That description thing can also be though of as the redo log of a transaction: first the redo log is collected and then the whole transaction is applied. Obviously, for the operations inside the transaction to see the state as modified by the previous operations in the transaction, they would have to dig through the redo log.

The definition of the container is also pretty wide. Containers may among other things be infinite - "for (;;)" or "for (i=0;; i++)" are examples of iteration over an infinite container.

This brings us to the point of how the monads are related to CEP. Each nesting level in the monad gets an item of key and data from the previous level, uses it somehow to select zero or more values for the container it has, and sends to the next nesting level a newly combined item of key and data information for every value selected. It's a pipeline! The pipeline approach was actually the second version of my understanding of the monads.

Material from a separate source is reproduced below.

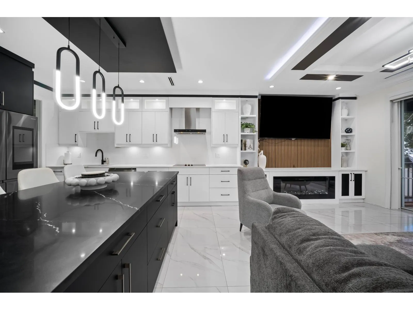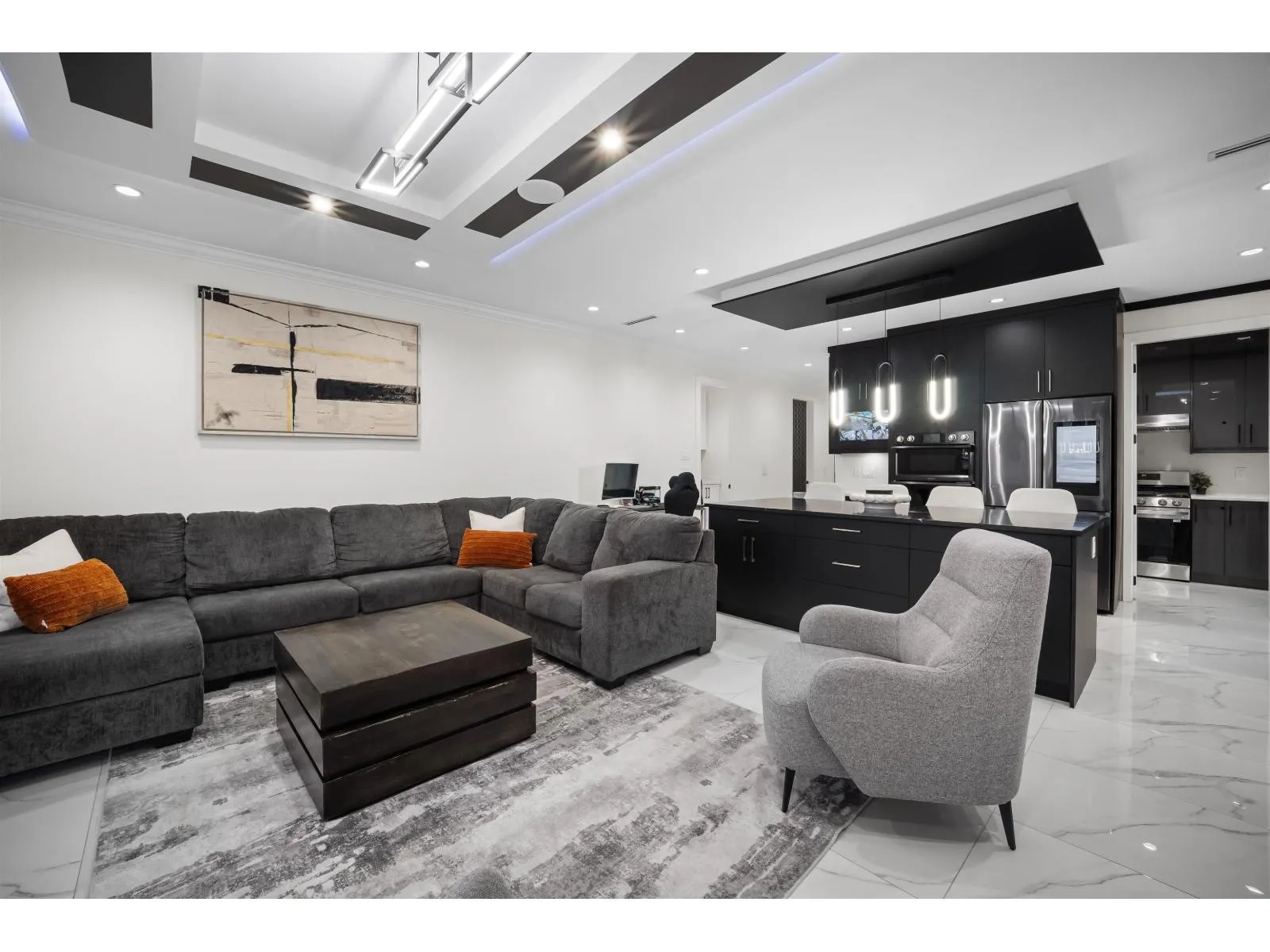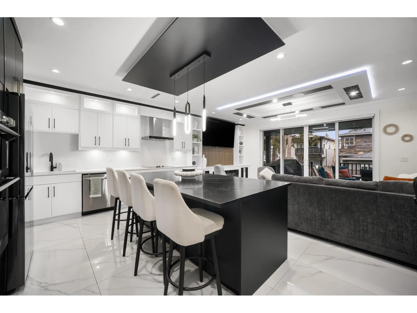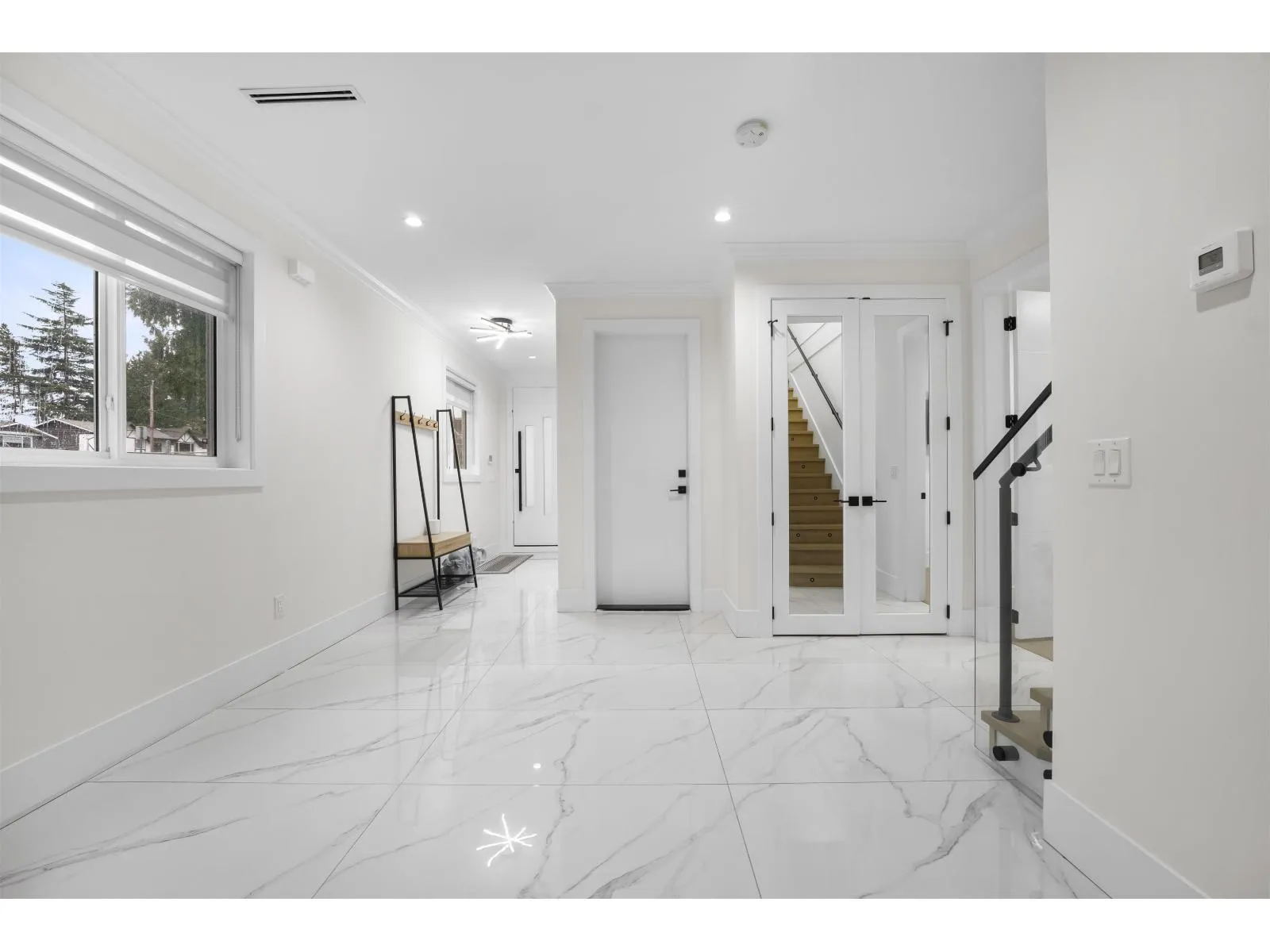 The one you've been waiting for. Elegant brand new contemporary corner home on a quiet cul-de-sac, offering nearly 3,800 sq ft on a 5,250 sq ft lot. This 2-storey with basement features 8 bedrooms and 7 custom bathrooms, including a main floor bedroom. Main floor boasts a modern kitchen with spice kitchen, stainless appliances, built-in oven/microwave, designer backsplashes, and large island. Upstairs has 4 spacious bedrooms, a lounge with electric fireplace, and a primary with walk-in closet. Radiant in-floor heating, AC, Epoxy Garage flooring, Two EV Chargers. Two mortgage helpers (2-bed + 1-bed suites). (id:27476)

What kind of a pipeline it is? It's a straight one, no branching, nor god forbid, joining. And it's a read-only one: each stage of the pipeline contains no modifiable state, it's all read-only. All the updates have to be carried in the data traveling through the pipeline. And each stage of the pipeline essentially sends out a copy of its incoming data with its own section added to it.

Quite boring and useless. By the way, note that the join as described before would work only on the static tables, not on streams.

Now we get a bit off the monad subject as such and get into the depths of Haskell's dealing with pipelines.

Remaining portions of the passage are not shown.